Credit Suisse Asset Management has integrated ESG factors into its actively managed China A-shares equity strategy, according to a statement from the firm.
Launched in 2017, the Credit Suisse China A-shares equity strategy offers access to the China A-share market via the Stock Connect programme. It aims to seek out market leaders and emerging disruptors with strong sustainable competitive advantages to generate long-term returns, the firm said.
The firm said that ESG compliant firms tend to make better business decisions for a longer time horizon. Such firms also intend to be less exposed to reputational risks and other hazards stemming from non-compliance.
With China A-share’s further inclusion into global equity indices and increasing participation of foreign institutional investors, standards for ESG and transparency will be further raised and companies with better and improving ESG practices are likely to benefit more from capital flows.
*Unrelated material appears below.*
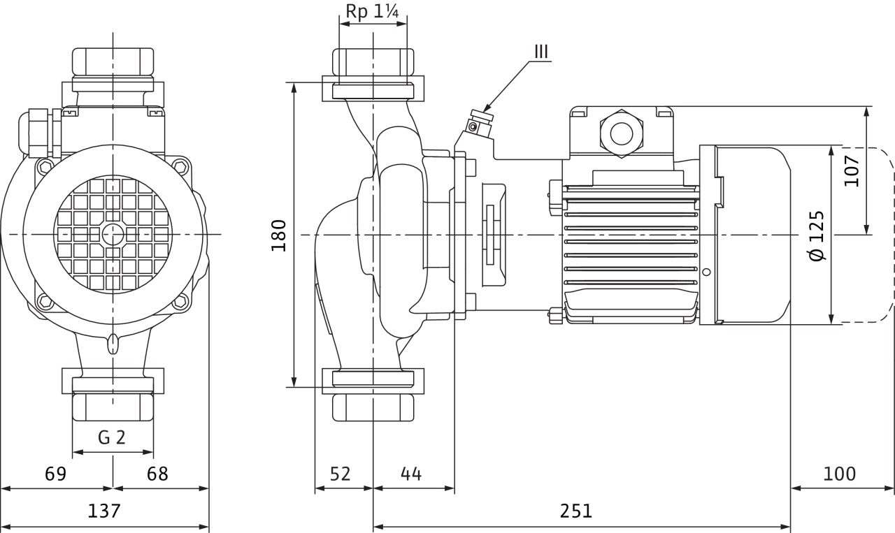 Фланцы имеют отверстия R 1/8 для измерения давления. На корпус насоса и промежуточный корпус нанесено катафорезное покрытие.

“We have found that incorporating ESG considerations not only allows us to improve our expected returns, it also reduces our portfolio risk,” Rushil Khanna, head of equities for Asia at Credit Suisse AM, said in the statement.
“Many investors, particularly in emerging markets, have a view that incorporating ESG leads to lower investment returns. We have found the opposite to be true. By going beyond basic exclusion criteria to integrating ESG into our investment process, we have gained a unique and differentiated perspective to investing in China,” Khanna added.
The initiative follows the firm’s establishment of the new sustainability, research and investment solutions (SRI) function in August last year, with the commitment to provide at least CHF 300bn ($338.1bn) of sustainable financing over the next decade.